En ik ben al blij als ik weer in jeansmaat 30 pas,nu ist 31...grr!
Maar als ik weer een 29 aan kan,des te beter  :Wink: 

We gaan met mate genieten van de feestdagen...niet teveel en niet te weinig  :Wink: !!
Fijne dagen liefs Ag Xx

----------


## Agnes574

En...hoe zijn de feestdagen verlopen?
Is iedereen hier aangekomen of valt het allemaal wel mee?
Ik heb me niet al te best gevoeld tijdens de feestdagen,dus dat is een beetje mijn 'geluk' geweest...zo heb ik me niet kunnen laten gaan met al dat lekkers  :Wink: ,maar toch doe je maar weinig tijdens die dagen is mijn ervaring en daardoor kom je toch wat aan helaas...

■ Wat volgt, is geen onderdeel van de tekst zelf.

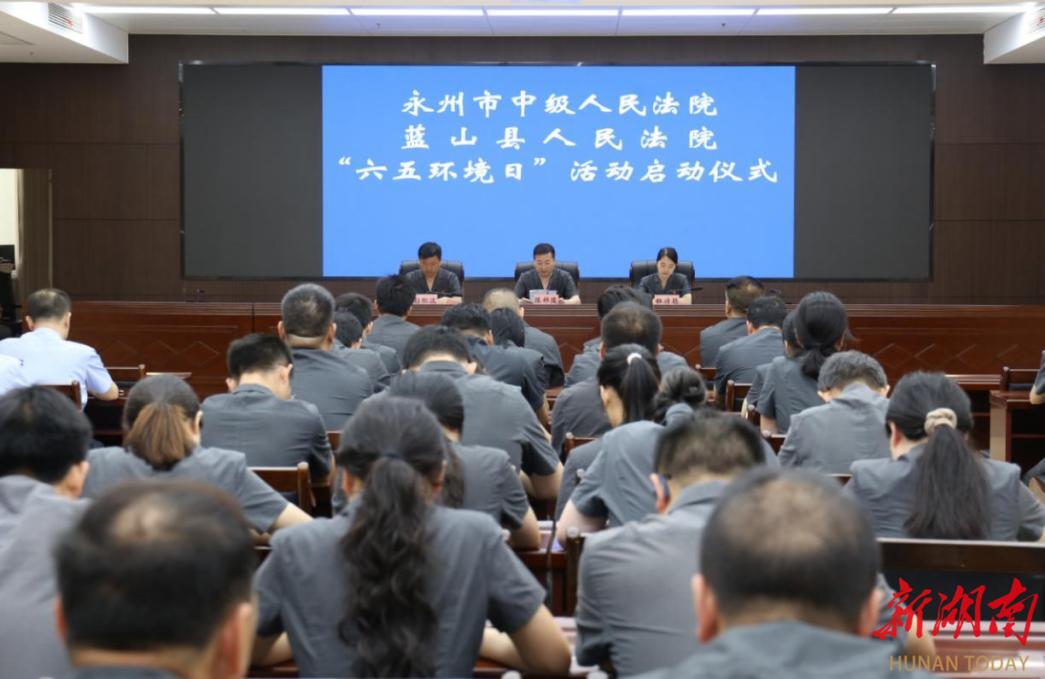 5月30日,永州中院、蓝山法院隆重举行“六五环境日”活动启动仪式,永州中院环境资源审判庭工作人员、蓝山法院全体干警,部分人大代表、政协委员、环保志愿者等社会各界人士参加。启动仪式上,集中观看了生态环保宣传视频《绿水青山“有我在”》,通报了近三年环境资源审判工作成效亮点及典型案例,并就充分发挥审判职能作用,携手共建生态保护法治屏障等作了动员。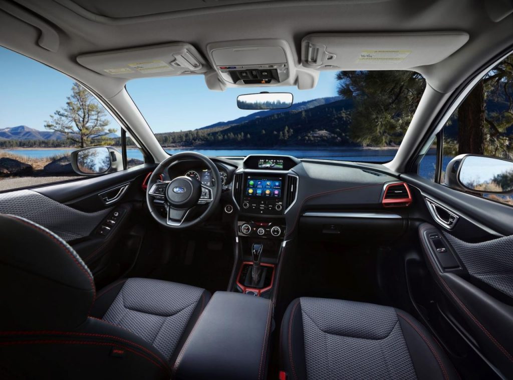 À l’instar des dernières nouveautés de la marque, l’intérieur du nouveau Forester monte d’un cran et reçoit de nouveaux sièges avant, un nouveau frein de stationnement électrique et un nouveau système de climatisation automatique. Toutes les versions disposent d’un système de climatisation automatique (bizone sur les finitions huppées), et de sièges avant chauffants. Les sièges arrière peuvent désormais être chauffants en option. Côté infodivertissement, le Forester offre deux tailles d’écran, 6,5 ou 8 pouces, ainsi que la compatibilité Apple CarPlay et Android Auto sur toutes les versions.

Maar,nu is het weer januari en kunnen we weer werken aan onze doelen,nietwaar?

Wat denken jullie?

Liefs Ag Xx

----------


## kontessa

> hallo 
> ik ben een meid van 18 jaar 1.67 lang en weeg nu 71 kilo en ben sinds januari 2007 bezig met afvallen door middel van veel sporten en minder eten ben nu 17 kilo kwijt ik vind mezelf voor mijn lengte nog veel te zwaar ik ben op zoek naar mensen die een beetje in dezelfde soort situatie zitten om elkaar te steunen. leeftijd is onbelangrijk!! ook maakt je geslacht me niks uit!! 
> als je hier niet wil reageren mag je me ook mailen:
> [email protected]
> 
> groetjes Lenaa



Beste Lenaa,

Geweldig dat je al 17 kilo bent afgevallen, ik was er alreeds 13 kwijt en door niet oplettendheid alreeds weer 6 kilo zwaarder geworden.

Weinig eten is niet de oplossing want ook daar kan je zelfs dik door worden. Sporten en jezelf afbeulen is ook niet vol te houden, het is een zaak van discipline en calorieen die op de verpakking van de geconsumeerde artikelen staat.
Als je een kroket eet en weet dat je daar enkele uren voor moet trainen om dit te verbranden, smaakt die als je wilt afvallen stukken minder.

Heel belangrijk is drink per dag 6 glazen water en loop minimaal 30 minuten per dag.
Eet geen zoete en vette troep en kies bewust en kies voor gezond en gevarieerd... Dat ben ik nu zelf ook weer gaan doen en heb genoten van de feestdagen, ik voel me stukken beter bij de juiste discipline te volgen van de geconsumeerde etenswaren.. en ben je op het gewenste gewicht dan mag je best eens iets lekkers nemen en je zal zien dat ook je smaak duidelijk zal veranderen en de dingen die je eerst lekker vond je nu minder zullen smaken omdat je smaak zich duidelijk zal gaan spitsen op de zuiverheid van produkten en smaakstoffen en alle andere troep zal je beter gaan herkennen en afwijzen te gebruiken.
Veel succes en als je meer hulp nodig heb laat het even weten, ik heb de formule van je geschetste probleem.

Groetjes en veel succes,

Kontessa :Smile:

----------